No sueño con ella, no con Valeria como un fantasma entero, sino con pedazos que me persiguen como perros hambrientos. Su champú de manzana verde, ese olor que se me metía en la cabeza como una droga barata. Su risa, esa que salía cuando tropezaba con las palabras y fingía ser más listo de lo que soy. Y luego, el silencio, joder, ese silencio que cayó como una losa después de que todo se rompiera. Tenía veintidós, como yo, estudiaba psicología como si quisiera descifrarme antes de que yo mismo lo intentara. Quería niños antes de los treinta, decía que eran la prueba de que este mundo de mierda –perdón, de porquería– aún valía la pena. La conocí en una fiesta de la uni, yo vendiendo perfumes de catálogo para no dormir en la calle, ella sirviendo cerveza con una sonrisa que no pedía nada a cambio, como si el mundo le debiera algo.
Al principio, no le conté lo de mi libido, esa bestia que no sé domar. Pero ella lo vio, no con esa mirada de “te voy a juzgar”, sino con una ternura que me desarmaba. “Eres como un río,” me dijo una noche, con la mano en mi pecho, “no puedes parar, y yo no quiero que pares. Solo quiero que fluyas hacia mí.” Y lo hice, carajo, lo intenté. Durante un año, volví a ella, no dejé de ser el cabrón que soy –no podía–, pero aprendí a regresar, a dejar las otras camas por su calor. Ella lo aceptaba, “es tu naturaleza,” decía, “no es traición si no hay engaño.” Pero había algo que ni su perdón podía tragar: el vacío.
Cuando cumplimos un año, dejó las pastillas. “Quiero un hijo contigo,” me soltó, con los ojos brillando como si viera un futuro que yo no podía alcanzar. “No importa cómo, adoptamos, usamos donante, lo que sea. Pero que nazca de nosotros.” Sentí que el suelo se abría, que me tragaba entero. Porque lo sabía, lo había sabido desde los dieciocho, desde el urólogo que me miró con pena y las pruebas que gritaron lo que mi cuerpo ya susurraba: no puedes, William, no puedes. Se lo dije bajo la lluvia, afuera de su departamento, no en la cama donde todo era fácil, sino en la calle, como si no mereciera estar dentro cuando le confesara mi ruina.
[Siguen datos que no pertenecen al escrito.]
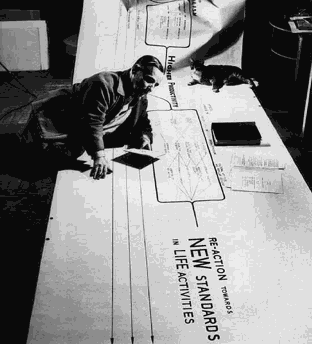 artist attention: Friedrich Kiesler and cat on Correalism table
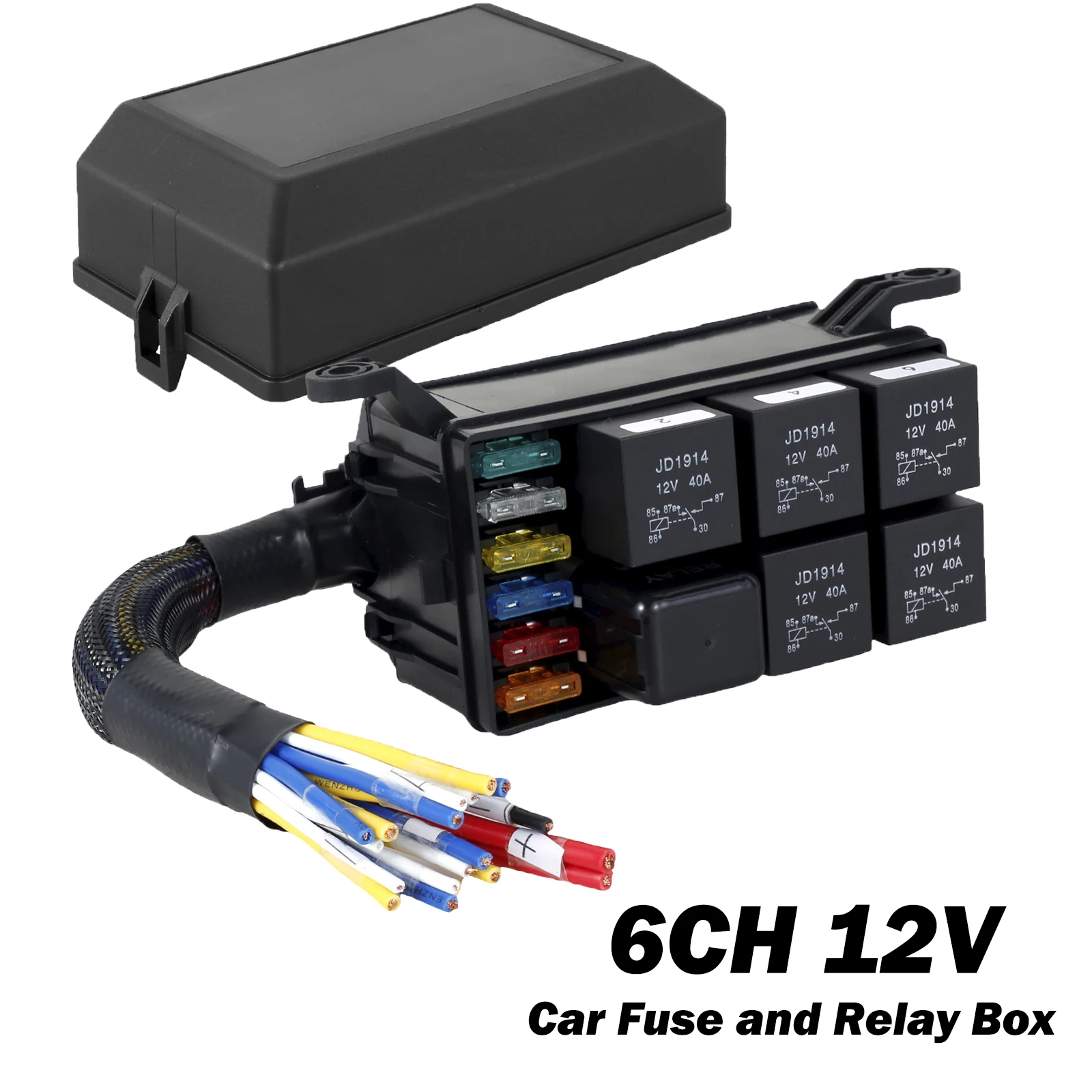12v Automobile Fuse And Relay Box With Pre-wiring 6-way Fuse Box ...

Ella no lloró. Me miró, largo, profundo, como si me viera de verdad por primera vez… y por última. “¿Por qué no me lo dijiste antes?” preguntó, y su voz era un cuchillo que no cortaba, solo dolía. “Porque te ibas a ir,” le dije, y era la verdad más cruda que había soltado. “Me voy ahora,” respondió, “pero no por tu cuerpo. Me voy porque nunca confiaste en que te amaba aunque no pudieras darme eso.” Y se fue, con una maleta pequeña y una nota en la mesa: “Gracias por enseñarme que el amor no siempre es suficiente.” Sin gritos, sin puertas que se cierran, solo un adiós que aún me quema.
Después de Valeria, entendí algo que me jode cada día: el amor de verdad exige un mañana, y yo no tengo mañana que ofrecer. No puedo prometer una boda, ni hijos, ni fidelidad, porque mi cuerpo me traiciona como un amigo borracho. Así que elegí lo que sí puedo dar: presencia, atención, una noche donde alguien se sienta deseada, cuidada, viva –aunque sea una mentira bien pagada. Las mayores no me piden un futuro, solo un ahora, y eso, joder, eso sí lo tengo en el catálogo.
Esa noche, después de dejar a Adriana dormida en su cama nueva, con el olor a vainilla todavía pegado a mi piel, camino hasta el parque. Me siento en una banca, miro las estrellas como si fueran a darme respuestas, y por primera vez en años digo en voz alta: “Lo siento, Valeria.” No sé si es por haberle mentido, o por no creer que alguien pudiera amarme con este cuerpo inútil. Lo que sí sé es que desde entonces dejé de buscar amor. Solo busco cuerpos que me perdonen… por no poder dar lo que más anhelo recibir.